United States TV coverage
- Network: CBS
- Announcers: Verne Lundquist, Todd Blackledge, Jill Arrington

= 2001 Sun Bowl =

American college football game

The 2001 Wells Fargo Sun Bowl edition to the Sun Bowl featured the Washington State Cougars, and the Purdue Boilermakers.

Washington State's Jason David scored the game's first touchdown on a 45-yard interception return for a 7–0 WSU lead. Washington State quarterback Jason Gesser later threw a 46-yard touchdown pass to Mike Bush to increase the Cougar's lead to 14–0. In the second quarter, Purdue running back Montrell Lowe scored on a 1-yard touchdown run to cut the lead to 14–7.

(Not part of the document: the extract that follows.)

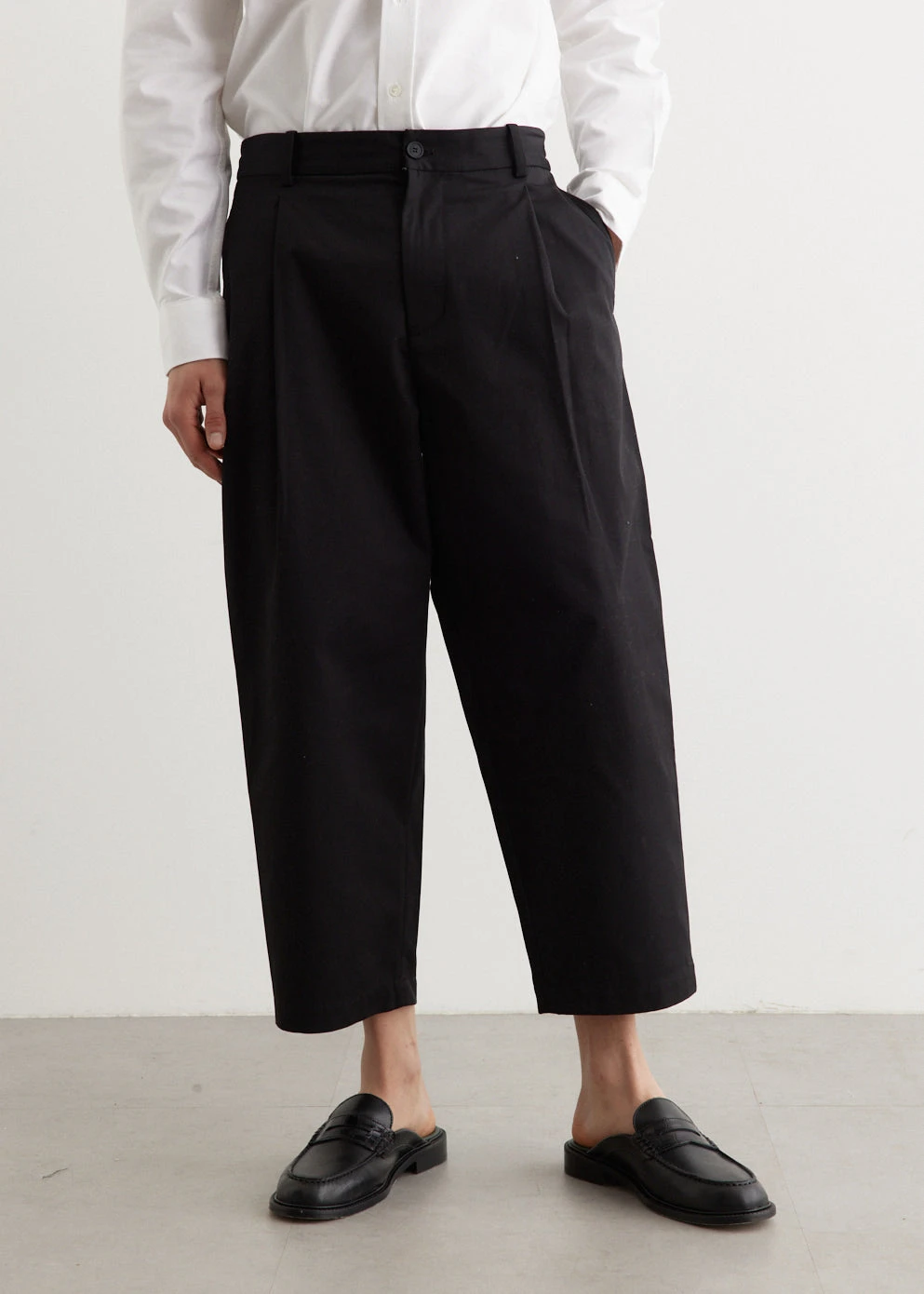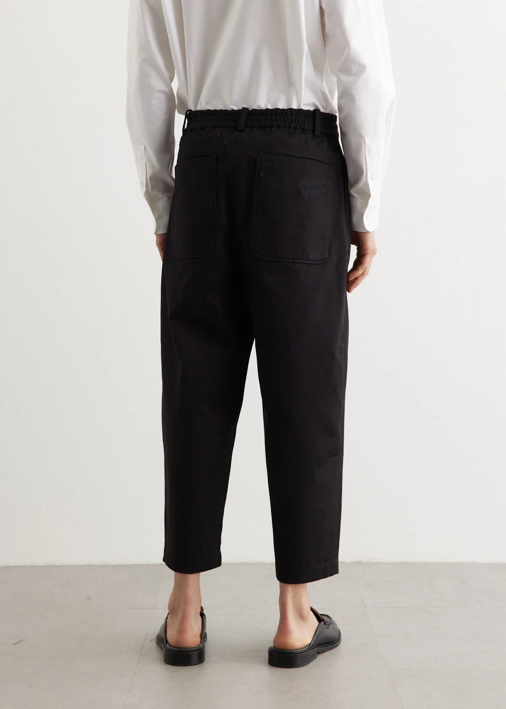 Known for a signature simplicity and subtle sense of humour, Maison Kitsune crafts high quality essentials that prove to be trans-seasonal staples in any wardrobe. Crafted from cotton gabarine, the Cropped Pleated Chino Pants are tailored to a straight cut with a single pleat. Featuring button closure with a hidden zipper, belt loops at the waistband and two patch back pockets.

Kicker Travis Dorsch kicked a 28-yard field goal to pull Purdue to within 14–10. Washington State's Drew Dunning answered with a 47-yard field goal of his own, to move the lead back to 17–10. Purdue quarterback Kyle Orton found wide receiver Taylor Stubblefield for a 3-yard touchdown pass to tie the game at 17. Travis Dorsch's 50-yard field goal before halftime gave Purdue a 20–17 halftime lead.

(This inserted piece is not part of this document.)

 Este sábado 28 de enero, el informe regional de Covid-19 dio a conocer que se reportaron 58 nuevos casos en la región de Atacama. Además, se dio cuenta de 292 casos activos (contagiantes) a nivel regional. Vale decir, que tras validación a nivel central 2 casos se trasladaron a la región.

In the third quarter, Drew Dunning kicked the tying 34-yard field goal. Jason Gesser's subsequent 1-yard touchdown run gave Washington State a 27–20 lead. Drew Dunning added field goals of 30 and 37 yards to give WSU a 33–20 lead. With 1:53 left, Kyle Orton connected with Taylor Stubblefield with a 51-yard touchdown pass to make the final margin 33–27.